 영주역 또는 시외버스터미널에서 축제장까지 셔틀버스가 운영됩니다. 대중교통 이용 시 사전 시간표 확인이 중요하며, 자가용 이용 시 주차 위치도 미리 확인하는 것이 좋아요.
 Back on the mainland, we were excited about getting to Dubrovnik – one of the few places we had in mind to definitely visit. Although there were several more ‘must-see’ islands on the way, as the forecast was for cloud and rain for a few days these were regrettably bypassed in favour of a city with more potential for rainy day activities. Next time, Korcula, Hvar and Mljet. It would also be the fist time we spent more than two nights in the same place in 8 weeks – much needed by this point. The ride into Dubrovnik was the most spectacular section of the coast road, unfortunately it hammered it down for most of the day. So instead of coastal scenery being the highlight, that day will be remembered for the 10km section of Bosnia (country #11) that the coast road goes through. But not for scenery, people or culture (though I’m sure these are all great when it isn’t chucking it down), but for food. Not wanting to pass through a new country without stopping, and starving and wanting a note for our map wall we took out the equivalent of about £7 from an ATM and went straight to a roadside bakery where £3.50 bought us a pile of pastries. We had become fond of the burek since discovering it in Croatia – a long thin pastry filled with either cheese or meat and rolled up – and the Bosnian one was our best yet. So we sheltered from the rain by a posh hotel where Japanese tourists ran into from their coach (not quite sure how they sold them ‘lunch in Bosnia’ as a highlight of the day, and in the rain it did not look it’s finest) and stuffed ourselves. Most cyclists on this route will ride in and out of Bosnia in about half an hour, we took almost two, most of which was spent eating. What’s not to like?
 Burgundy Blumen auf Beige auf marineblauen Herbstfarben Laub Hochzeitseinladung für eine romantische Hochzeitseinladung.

= = = = =

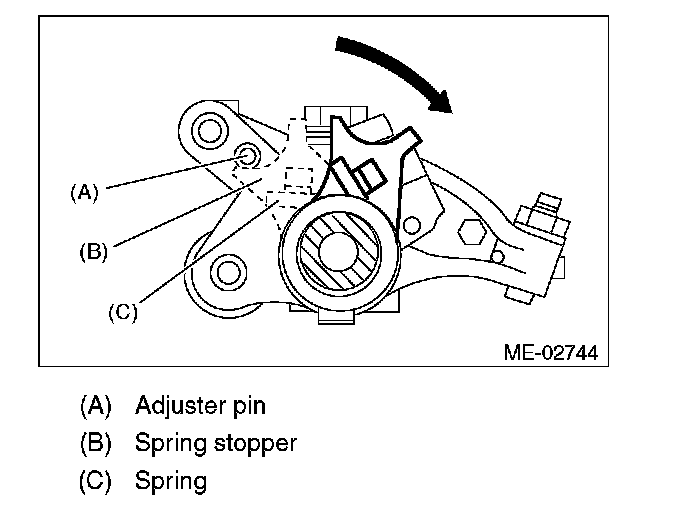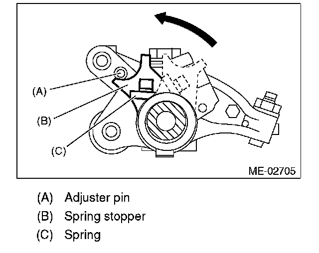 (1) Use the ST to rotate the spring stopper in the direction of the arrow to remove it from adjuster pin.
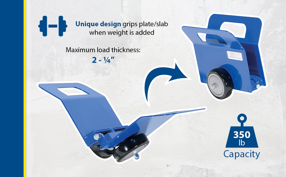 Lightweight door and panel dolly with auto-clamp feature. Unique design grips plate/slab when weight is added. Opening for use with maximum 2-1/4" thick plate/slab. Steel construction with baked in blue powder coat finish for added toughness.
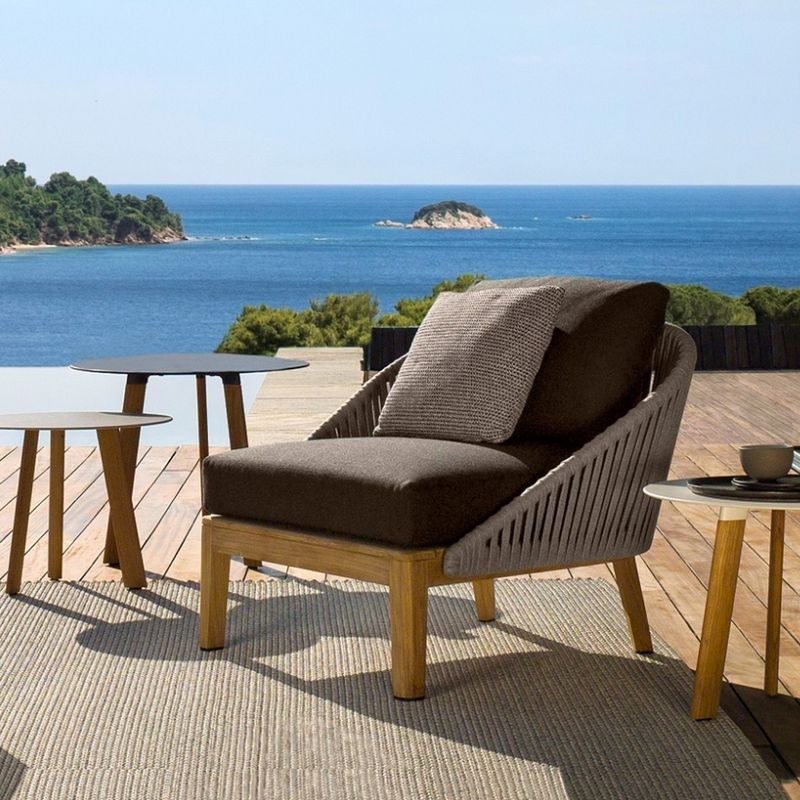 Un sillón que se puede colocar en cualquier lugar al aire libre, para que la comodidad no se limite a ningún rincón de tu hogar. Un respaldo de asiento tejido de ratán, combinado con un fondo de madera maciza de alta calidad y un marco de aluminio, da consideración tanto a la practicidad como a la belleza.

= = = = =

Look above for the line containing "(1) Use the", then copy exactly from it through the line containing "Un sillón que", keeping both and leaving out pictures. Add nothing else.

* Output of the exercise
 (1) Use the ST to rotate the spring stopper in the direction of the arrow to remove it from adjuster pin.
 Lightweight door and panel dolly with auto-clamp feature. Unique design grips plate/slab when weight is added. Opening for use with maximum 2-1/4" thick plate/slab. Steel construction with baked in blue powder coat finish for added toughness.
 Un sillón que se puede colocar en cualquier lugar al aire libre, para que la comodidad no se limite a ningún rincón de tu hogar. Un respaldo de asiento tejido de ratán, combinado con un fondo de madera maciza de alta calidad y un marco de aluminio, da consideración tanto a la practicidad como a la belleza.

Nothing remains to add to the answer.